America needs a little cuddling right about now. Unemployment rates are stuck, with no immediate hope of falling. People are worried and scared. The middle class American dream is in danger of slipping through the fingers of so many, and on top of that, our geographic treasures, such as the Gulf and the beaches of Pensacola are imperiled. Is anything sacred anymore? But instead of connecting with us, President Obama comes off as curiously truculent and annoyed. That may be reflective of the national mood but it is not what we need at this moment in history. Where is that decided, active hope?
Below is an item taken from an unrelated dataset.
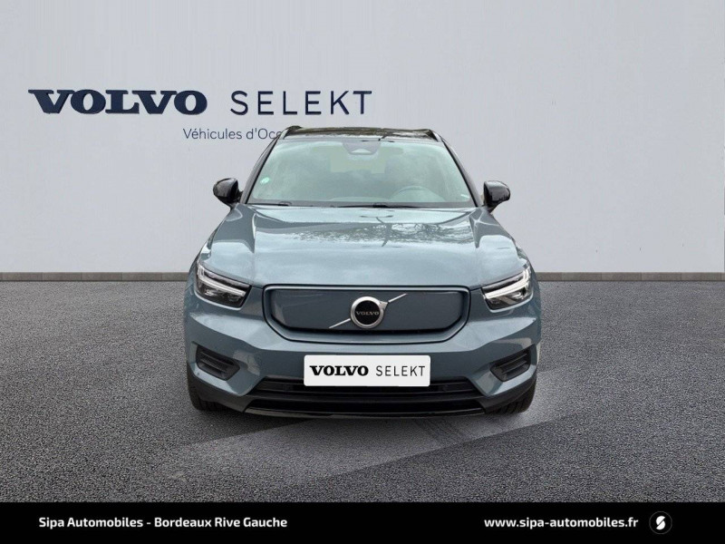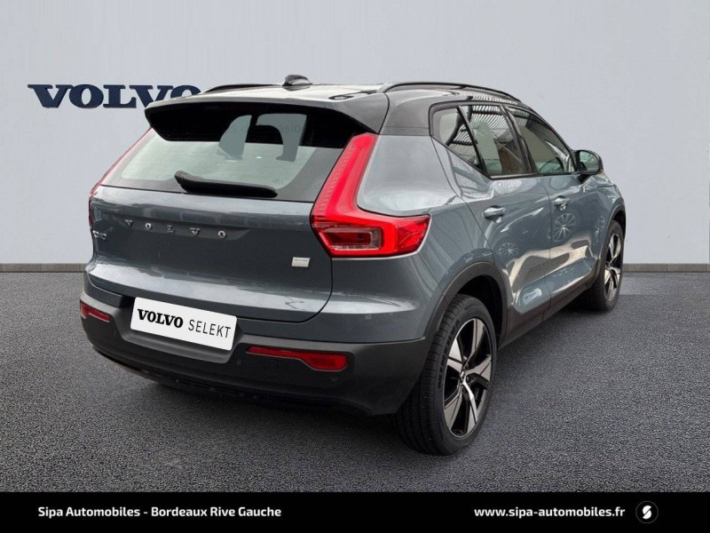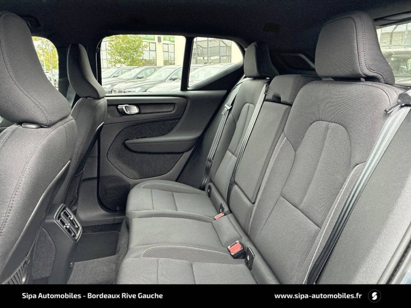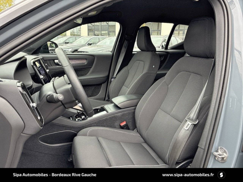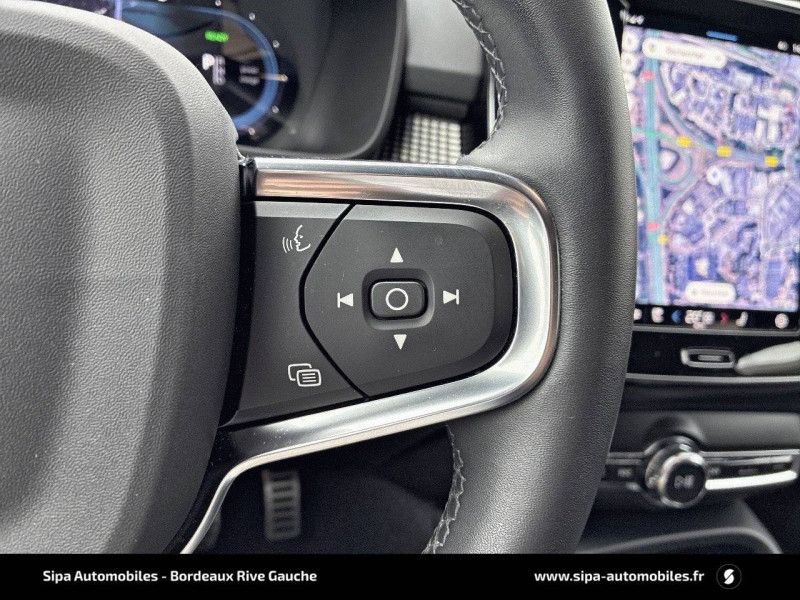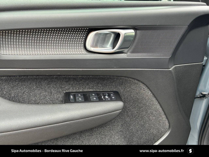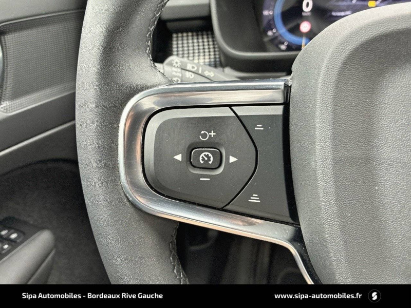 2 porte-cintres / Accès au service d'assistance Volvo via bouton dédié dans le plafonnier / Accès au service d'urgence Volvo via bouton SOS dans le plafonnier / Airbag passager désactivable avec témoin d'indication (on/off) / Airbags conducteur et passager à déclenchement différencié / Alerte vigilance conducteur / Application Volvo Cars sur smartphone iOS ou Android / Assise des sièges AV extensible manuellement / Assistance à l'évitement des piétons et des cyclistes / Badge Recharge sur le hayon / Bas de caisse et passages de roues Anthracite / Câble de recharge de 7 mètres / 10 A. Pour prise secteur / Calandre AV pleine couleur carrosserie / Ceintures de sécuritéà inertie à 3 points d'ancrage (sur les 5 sièges) / City Safety, système d'anticipation de collision intelligent / CleanZone : Filtre charbon de climatisation multi-actif (limite l'entrée de pollen, de particules de pollution et de mauvaises odeurs en fermant automatiquement les arrivées d'air si nécessaire) et fonction pré-ventillation / Climatisation automatique bi-zone (incluant ouïes d'aération à l'AR) / Coffre sous le capot AV d'une capacité de 31 litres / Combiné d'instruments digital 12,3" / Contrôle de la transmission en descente HDC / Coques de rétroviseurs Noir brillant / Corbeille intégrée et amovible au niveau du tunnel central AV / Crochet pour sacs intégréà la boîte à gants / Déclenchement automatique des feux de detresse lors d'un freinage d'urgence / Deuxième câble de recharge Type 2, 4.5 mètres, 32 A triphasé (fonctionne en monophasé) Pour borne de recharge / Diffuseur AR Noir laqué / Direction assistée asservie à la vitesse / Eclairage d'accompagnement et éclairage d'approche / Ecran tactile multimédia haute résolution 9" personnalisable / Envoi automatique d'une alerte au service d'urgence Volvo en cas de collision / Espace de rangement sous la console centrale / Fonction climatisation de l'habitacle moteur coupé / Fonction Eco : optimisation des paramètres véhicule pour une conduite économique et écologique (à la demande) / Freinage automatique post-collision (réduction du risque de suraccident) / Frein de parking électronique automatique en fonction Auto Hold (désactivable) / Gravure Recharge sur les montants AR / Incrustations Aluminium / Indicateur de perte de pression des pneus / Infotainment Google Android Services Google (comprend Google Maps, Google Assistant, Google Play Store, chargeur smartphone par induction et un volume de données illimité pour les 4 premières années) et Kit mains libres Bluetooth et Streaming Audio, mode d'emploi numérique du véhicule, réception de la radio numérique (DAB+), mises à jour Over the Air (OTA). / Jantes alliage 19" 5 branches Graphite Mat/Diamant AV 235/50 R19, AR 255/45 R19 / Kit anti-crevaison / Matériaux anti-allergènes dans l'habitacle (sellerie tissu, ceintures de sécurité, incrustations) / Miroirs de courtoisie éclairés, spots de lecture à l'AV et éclairage dans le coffre / Mise à jour du système à distance / Pare-brise en verre feuilleté et colonne de direction rétractable en cas de choc / Parties inférieures des vitres noir brillant / Phares LED avec feux de jour design marteau de Thor et feux de route adaptatifs / Pneus toutes saison / Pommeau de levier de vitesse gainé de Simili-Cuir / Port de recharge sur l'aile AR gauche et connecteur charge rapide (jusqu'à 150 kW) / Porte-cartes bancaires et cartes de services intégré dans la planche de bord / Pré-câblage électrique pour le crochet d'attelage / Préparation pour le système Isofix (places latérales de la 2ème rangée de sièges) / Protections de pare-chocs AV et AR Noir brillant / Rappel d'oubli de bouclage des ceintures de sécurité AV et AR / Réglage en hauteur manuel des ceintures AV / Rétroviseurs couleur carrosserie avec partie inférieure noir / Rétroviseurs intérieur (sans contour) et extérieur électrochrome / Sabots de protection AV et AR Noir / Sellerie Tissu City Canvas/Antracite / Seuil de coffre en Aluminium / Seuils de portes AV Volvo en Aluminium / Siège conducteur et passager avec réglage manuel de la hauteur / Sièges conducteur et passager avec réglage manuel de la longueur, de l'inclinaison du dossier et de l'assise / Sièges conducteur et passager avec réglages électriques des supports lombaires / Sonde de température extérieure et horloge / Système audio Volvo High Performance avec technologie air woofer au niveau de la console centrale 250 W, 8 HP, radio numérique terrestre, prise 12 V et 2 ports USB C à l'AV / Système de contrôle de la stabilité et de la traction STC / Système de contrôle du freinage du véhicule VDC / Système de pré-conditionnement de l'habitacle (chauffage) / Système de protection anti-sortie de route / Système de protection collision frontale : Détection du risque de collision frontale (de 65 à 140 km/h) avec action corrective sur la direction / Système de protection contre le coup du lapin WHIPS (sièges AV) / Système de protection contre les chocs latéraux SIPS / Système de protection en cas de sortie de route / Système de réglage en hauteur des phares / Système intelligent d'information au conducteur IDIS / Tapis de sol premium / Télécommande de verrouillage centralisé avec clé de contact intégrée, fermeture à distance des vitres et du toit ouvrant et fonction panique / Trousse de 1er secours et triangle de présignalisation / Tunnel de la console centrale Noir brillant / Verrouillage automatique des portes à partir de 7 km/h / Verrouillage de sécurité enfant manuel / Vitres AV et AR électriques à impulsion (montée et descente) avec système anti-pincement / Volant sport avec insert Aluminium

I began this post by taking a good natured poke at Anderson Cooper, or “Old Smoldering Blue Eyes (OSBE),” as my good friend Diane calls him. But there is a reason I invoked his studly example. AC gets it. He understands that in the midst of a local or international crisis (Katrina, the Earthquake in Haiti, trouble in the Gulf), America wants to see a virile, somber visage, on the ground talking to people, raising awareness, and providing the televised appearance of making things happen. Sitting in the Oval Office on a Tuesday night asking the nation to pray just doesn’t fill that need. God doesn’t know how to fix this mess either. When did “Yes, We Can” become an inert heavenly plea?

Get thee to an Abercrombie & Fitch, Barack!